RAW DATA ->
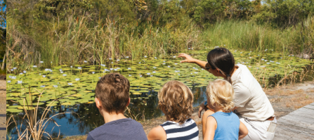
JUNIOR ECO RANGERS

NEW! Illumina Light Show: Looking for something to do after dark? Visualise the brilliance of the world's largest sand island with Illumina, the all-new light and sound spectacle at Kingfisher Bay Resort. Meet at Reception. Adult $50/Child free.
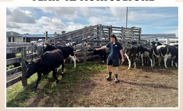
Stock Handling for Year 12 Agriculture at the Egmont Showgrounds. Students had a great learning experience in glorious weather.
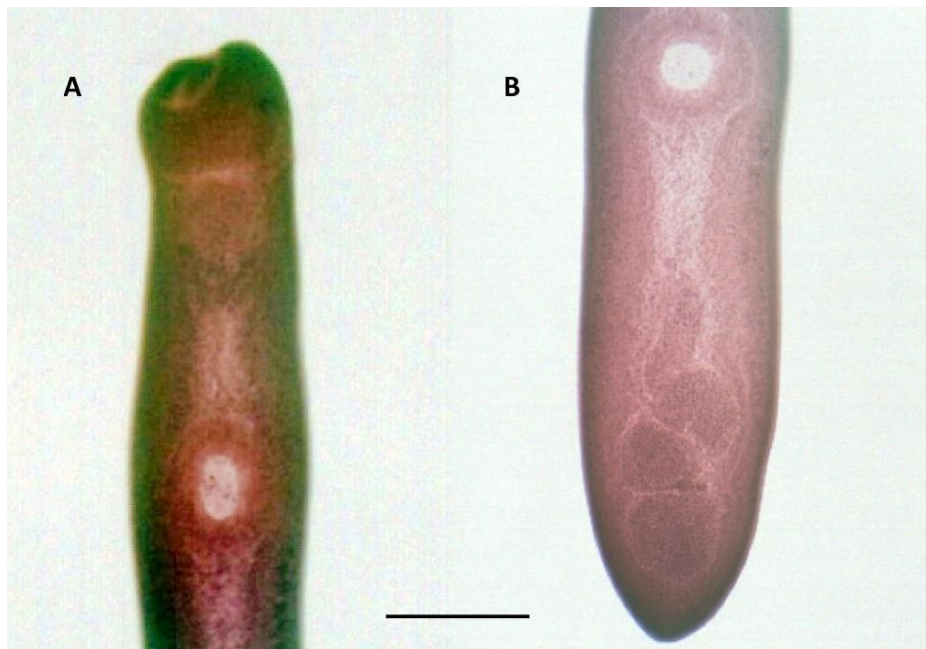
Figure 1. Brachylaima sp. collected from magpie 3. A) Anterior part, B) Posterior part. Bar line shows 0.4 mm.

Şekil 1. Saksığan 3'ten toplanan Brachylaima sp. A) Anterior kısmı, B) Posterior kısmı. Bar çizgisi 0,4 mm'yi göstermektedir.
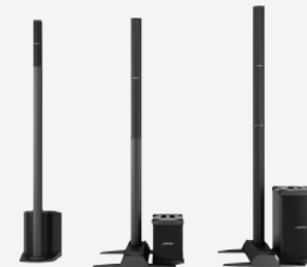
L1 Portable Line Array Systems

---

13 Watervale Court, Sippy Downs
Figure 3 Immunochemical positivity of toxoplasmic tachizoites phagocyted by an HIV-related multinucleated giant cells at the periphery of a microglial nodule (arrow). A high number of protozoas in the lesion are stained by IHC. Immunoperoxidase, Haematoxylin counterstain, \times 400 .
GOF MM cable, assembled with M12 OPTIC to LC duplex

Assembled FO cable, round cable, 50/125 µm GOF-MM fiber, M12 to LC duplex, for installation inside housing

==

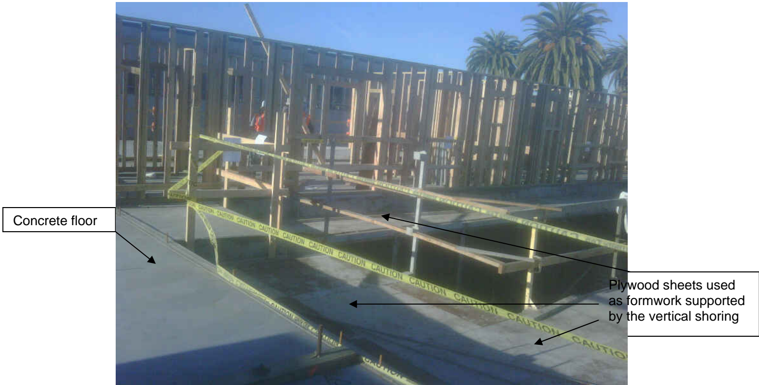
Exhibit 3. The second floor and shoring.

ASSIGNED TASK ->
Taking the entries above, write out exactly the lines starting with the line containing "GOF MM cable, assembled" and going on through the line containing "Assembled FO cable, round", both included, and nothing else.

WRITTEN ANSWER ->
GOF MM cable, assembled with M12 OPTIC to LC duplex

Assembled FO cable, round cable, 50/125 µm GOF-MM fiber, M12 to LC duplex, for installation inside housing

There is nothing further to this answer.